TASK DIRECTIONS:
Repeat the data that follows exactly, starting at the line with "- Bedroom furniture: bed, desk, desk" and ending at the line with "Disse børnebukser er", and leave out every picture.

RECORD SET:
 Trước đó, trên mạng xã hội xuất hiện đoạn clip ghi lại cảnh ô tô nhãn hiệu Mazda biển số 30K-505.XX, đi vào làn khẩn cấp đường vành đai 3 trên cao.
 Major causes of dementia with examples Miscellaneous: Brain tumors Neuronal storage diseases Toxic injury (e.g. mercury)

--

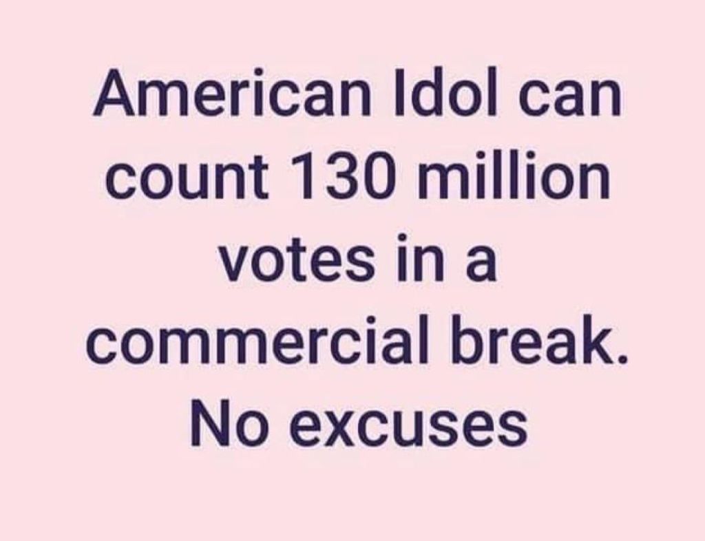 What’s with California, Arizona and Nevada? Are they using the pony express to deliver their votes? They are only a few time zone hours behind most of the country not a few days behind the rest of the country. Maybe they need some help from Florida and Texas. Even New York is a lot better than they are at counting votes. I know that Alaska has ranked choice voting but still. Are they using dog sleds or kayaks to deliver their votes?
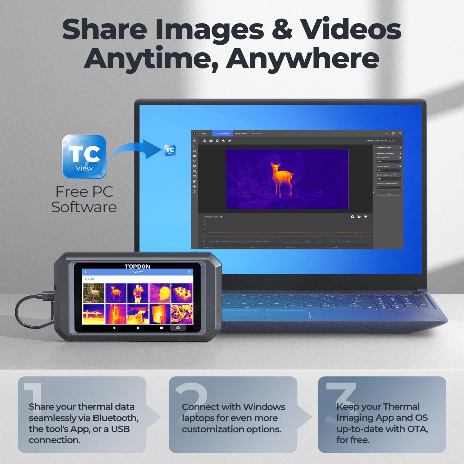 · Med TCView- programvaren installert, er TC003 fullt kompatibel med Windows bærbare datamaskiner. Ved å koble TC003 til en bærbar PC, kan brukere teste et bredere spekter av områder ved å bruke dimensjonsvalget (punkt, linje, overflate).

==

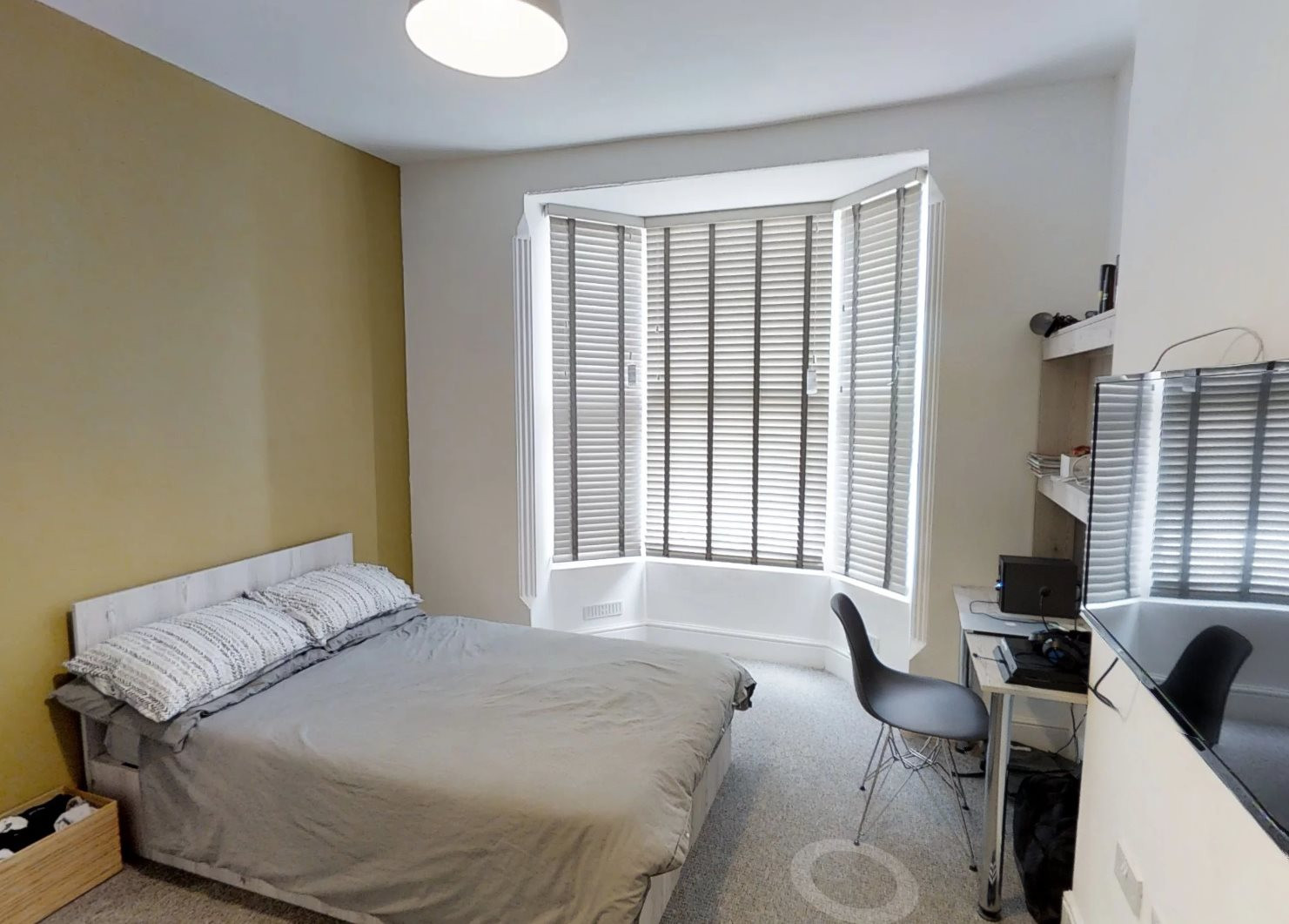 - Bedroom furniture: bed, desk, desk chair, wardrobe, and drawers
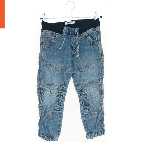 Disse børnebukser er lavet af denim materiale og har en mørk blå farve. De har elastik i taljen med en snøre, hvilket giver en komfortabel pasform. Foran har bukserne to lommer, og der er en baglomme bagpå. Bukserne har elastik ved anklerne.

ANSWER TO THIS TASK:
 - Bedroom furniture: bed, desk, desk chair, wardrobe, and drawers
 Disse børnebukser er lavet af denim materiale og har en mørk blå farve. De har elastik i taljen med en snøre, hvilket giver en komfortabel pasform. Foran har bukserne to lommer, og der er en baglomme bagpå. Bukserne har elastik ved anklerne.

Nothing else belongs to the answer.